The research team also developed an interactive tool To allow users to explore how different combinations of micronutrients affect different aspects of aging.
The results of this study are consistent with previous experimental work in mice that showed that high-protein diets may accelerate aging early in life, but are beneficial at older ages.
“These results are not experimental and will need to be validated in other contexts. Specific findings, such as the prominence of the vitamin E and vitamin C combination, may not be replicated in other studies.
“But the qualitative finding that there are no simple answers to optimal nutrition is likely to hold: it has been evident in nearly all of our analyzes, by a variety of approaches, and is consistent with evolutionary principles and much previous work,” Cohen said. .
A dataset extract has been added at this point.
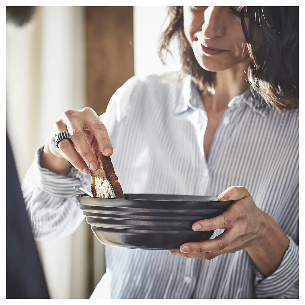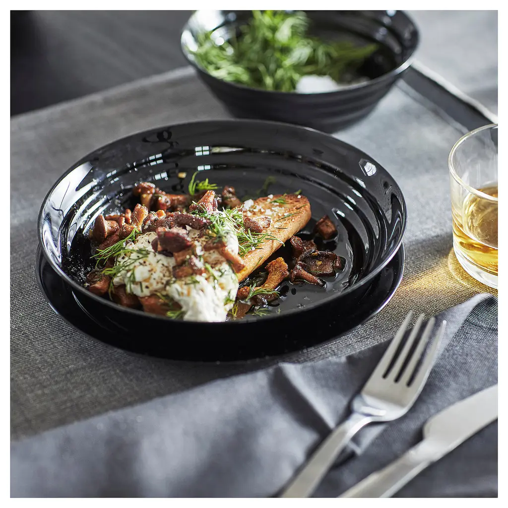 NÄTBARB Deep plate/bowl - black 7 ½ ". Ideal for all everyday meals since all items in the series are lightweight, easy to clean in a dishwasher and stackable to save space when not in use. The glossy opaque surface adds an elegant touch to any room and table setting.

Co-authors are: Alistair M. Senior, David Rubenheimer, and Stephen J. Simpson, University of Sydney; Véronique Legault and Francis B. Lavoie, University of Sherbrooke, Quebec, Canada; Nancy Press and Valerie Turcot, CIUSSS-de-l’Estrie-CHUS, Sherbrooke, Canada; University Institute of Montreal, Montreal, Canada, University of Sherbrooke, Sherbrooke, Canada; Berit Gaudreau, University of Montreal, Montreal, Canada; David G. Le Couteur, University of Sydney and the Institute on Aging and Alzheimer’s and ANZAC Research Institute, Concord Hospital, New South Wales, Australia.
Financing: The study was supported by the Australian Research Council (ARC DECRA: DE180101520), and Canadian Institutes of Health Research (CIHR) grants 153011 and 62842; In addition to grants from Fonds de recherche du Québec (FRQ) Scholarship # 2020-VICO-279753, Quebec Network for Research on Aging.
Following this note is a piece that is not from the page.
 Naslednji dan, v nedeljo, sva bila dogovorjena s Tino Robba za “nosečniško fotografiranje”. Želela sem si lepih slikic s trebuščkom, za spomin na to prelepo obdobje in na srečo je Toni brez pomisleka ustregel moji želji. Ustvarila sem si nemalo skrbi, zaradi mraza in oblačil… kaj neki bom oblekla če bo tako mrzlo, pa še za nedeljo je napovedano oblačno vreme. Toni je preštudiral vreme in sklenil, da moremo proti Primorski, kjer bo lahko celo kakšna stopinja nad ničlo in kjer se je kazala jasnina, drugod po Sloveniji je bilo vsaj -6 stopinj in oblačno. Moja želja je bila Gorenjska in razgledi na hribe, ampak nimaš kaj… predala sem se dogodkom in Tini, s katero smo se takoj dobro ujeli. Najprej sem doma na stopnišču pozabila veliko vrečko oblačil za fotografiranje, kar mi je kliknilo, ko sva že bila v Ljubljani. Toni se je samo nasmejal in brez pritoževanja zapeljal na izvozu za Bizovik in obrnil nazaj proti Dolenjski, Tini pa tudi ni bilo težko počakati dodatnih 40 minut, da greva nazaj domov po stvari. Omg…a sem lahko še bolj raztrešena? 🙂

About this diet and aging research news
author: Stephanie Berger
source: Columbia University
Contact: Stephanie Berger – Columbia University
picture: The image is in the public domain
original search: open access.
“Multidimensional associations between nutrient intake and healthy aging in humansBy Alan Cohen et al. BMC Biology
Multidimensional associations between nutrient intake and healthy aging in humans
Little is known about how the natural variation in people’s dietary patterns affects the aging process. To date, most analyzes of the problem have used a one-dimensional model, which is concerned with the effects of a single nutrient on a single outcome. Perhaps our ability to understand the problem is complicated by the fact that both nutrition and the physiology of aging are very complex and multidimensional, involving a large number of functional interactions. Here we apply the Multidimensional Engineering Framework of Nutrition to data on biological aging from 1,560 older adults followed over a four-year period to assess the extent to which nutrient intake is related to the aging process at scale.
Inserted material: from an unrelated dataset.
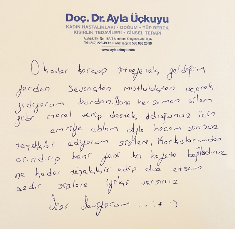O kadar korkup titreyerek geldiğim yerden, sevinçten mutluluktan uçarak gidiyorum burdan. Bana her zaman ailem gibi moral verip destek olduğunuz için Emriye ablam Ayla Hocam sonsuz teşekkür ediyorum sizlere... Korkularımdan arındırıp beni yeni bir hayata bağladınız ne kadar teşekkür edip dua etsem azdır sizlere.. iyi ki varsınız...

Aging and age-related loss of homeostasis (physiological dysregulation) were quantified by incorporation of biomarkers in the blood. Diet effects were modeled using the Nutrition Engineering Framework, applied to macronutrients and 19 micronutrients/nutrient subcategories. We observed four broad patterns: (1) The optimal level of nutrient intake was dependent on the aging scale used. Higher protein intake improved/reduced some factors of aging, while higher carbohydrate levels improved/reduced others; (2) there were non-linear factors where average levels of nutrients perform well for many outcomes (i.e. arguing against a simple more/less perspective is a better one); (3) There is a wide tolerance for patterns of nutrient intake that do not deviate much from norms (‘homogeneous plateaus’). (4) The optimal levels of one nutrient often depend on the levels of another (eg vitamin E, vitamin C). Simpler linear/univariate analytical methods are insufficient to capture such correlations. We present an interactive tool for exploring outcomes in the high-dimensional food space.
Using multidimensional modeling techniques to test the effects of nutrient intake on physiological dysregulation in a cohort of older adults, we identified key patterns of specific nutrients associated with lower biological aging. Our approach provides a roadmap for future studies to explore the full complexity of the nutritional aging landscape.